Transfer of permits, “Nigerianization” policy, unilateral decision, unexpected tax adjustments… The coup by General Abdourahamane Tiani in July 2023 marked the beginning of endless hassles for China in Niger. These have still not subsided to this day.
Following in the footsteps of the French company Orano (formerly Areva), expelled from the country before the nationalization of its assets in June 2025, the China National Petroleum Corp. (CNPC) is now bearing the brunt of the junta’s sovereignist policy. Under constant pressure for months, the local subsidiaries of the Chinese giant, including the Zinder Refinery Company (Soraz) which started operations in 2011 (20,000 b/d), serve as a cash cow to replenish funds, and are also the target of the national preference policy in terms of hiring.
In addition to Soraz, in which it holds 60% (40% owned by the Nigerien State), CNPC, the main player in the oil sector in the country since 2003, operates the two major Agadem I and II fields (100,000 b/d).
Points of friction
Among the main points of friction is the government’s demand to increase the proportion of local employees to 80% on CNPC projects, compared to less than 30% currently. In May 2025, the government demanded that CNPC terminate the contracts of expatriate personnel in the country for more than four years and hire local staff with salaries aligned with those of foreign personnel. In total, 127 Chinese executives and employees, including nearly 80 engineers, are affected by this measure. Directives that the Chinese partner did not comply with. Even if they wanted to, they could not due to the insufficient training and qualifications of Nigeriens in this highly specialized sector.
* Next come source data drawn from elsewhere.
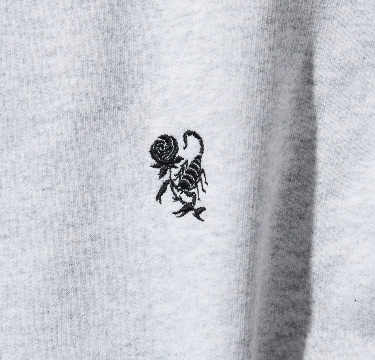 今回のためにデザインされたボディは裏起毛・サイドパネル・Vガゼットの特別仕様を採用したオリジナルボディ。シルエットは肩幅、身幅、アームホールにゆとりのある現代風に再解釈したワイドなフィット感に仕上げています。両胸と右腕に両者のブランドロゴをボディと同系色の刺繍で施して、左下にはブランドロゴを並べたパッチのほかサイドシームにピスネームが付属した、クルーネックスウェット、プルオーバーフーディーがラインナップ。注目のダブルネームです。
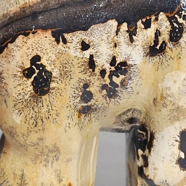 In plaats van het beeld te polijsten is er een flinter dun laagje olie/lak over het beeld gespoten.
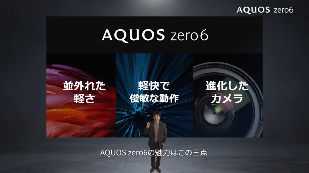 続いて、小山さんより「AQUOS zero6」について、充実した機能やスペックを備えながら、5Gモデルで世界最軽量約146gを実現し、一日中スマートフォンを使いこむ人に向けたモデルであることなどを訴求。
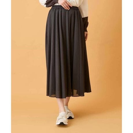 全体に施したかまぼこプリーツで存在感がありながら、どんなトップスにも上手にマッチする使い勝手の良いひと品です。ウエストは総ゴム仕様で着脱しやすく、ソフトフィットな穿き心地も嬉しいポイント。裾のシアー感がさりげない気品を纏い女性らしい軽やかな着こなしを演出します。同素材で仕立てたブラウス【R6BED50260】と合わせたクラシカルなセットアップスタイルもおすすめ。
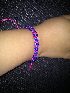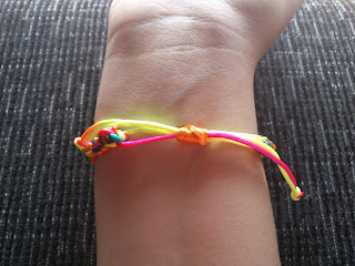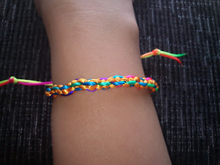 Como podéis observar es uno de los muchos ejemplos de colocación de los hilos, el hilo utilizado es el conocido como Cola de Ratón. En las siguientes imágenes tenéis el resultado de la pulsera y al final realicé un nudo corredizo para que se me adapte mejor la pulsera.
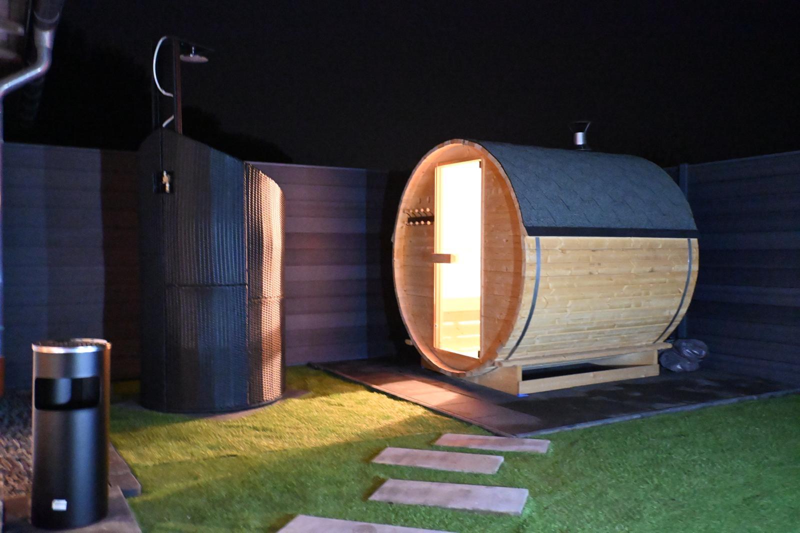 € 220Die Holzofen-Sauna im Außenbereich ist nicht enthalten

At this stage, the goal of “Nigerianization” is considered unrealistic unless, following the Orano model, Niger simply decides to expel Beijing, nationalize its oil assets, and have them managed by a new partner like Algerian Sonatrach or Russian Lukoil.
However, while the Nigerien government, like the other two countries in the Sahel States Alliance (AES), seeks to strengthen its control over the country’s natural resources, it is not willing to go to extremes, as Soraz represents nearly $2 billion in annual revenue. On the other hand, China clings to its strategy, emphasizing the expertise needed in the sector while seeking to maintain control over the exploitation and export of black gold.
Tax adjustment
However, its monopolistic position is increasingly challenged. The demand for “Nigerianization” comes after a tax adjustment of over $100 million notified to CNPC at the end of 2024 for the 2022 and 2023 fiscal years. A few months earlier, the same major missed out on the allocation of the Bilma block in the Agadez region, despite heavy investments made since 2008. This block, rightfully claimed by Beijing, was awarded to the Nigerien Petroleum Company (Sonidep). This decision angered Beijing and led to Chen Jintao, the head of CNPC Exploration & Development Corp. (CNODC), traveling to Niamey to meet with Prime Minister Ali Lamine Zeine.
Retaliatory measures
Despite being unhappy with the junta’s treatment, the Chinese side avoids confrontation to avoid weakening its position in the country. Time is on its side. However, this does not rule out retaliatory measures such as limiting the production of refined oil by Soraz. The capacity has been reduced from 20,000 b/d to 10,000 b/d. This decrease is attributed to “technical issues” which actually hide a certain annoyance.
New negotiators
On the other hand, Niger has another card to play to try to break this monopoly. It could soon open up the marketing of crude oil to competition. So far, this sale was still the responsibility of the Chinese major due to a $400 million pre-financing disbursed at the end of 2024. But as it repays this debt by mid-2026, Niger could then turn to other traders, thus twisting the arm of a historical partner.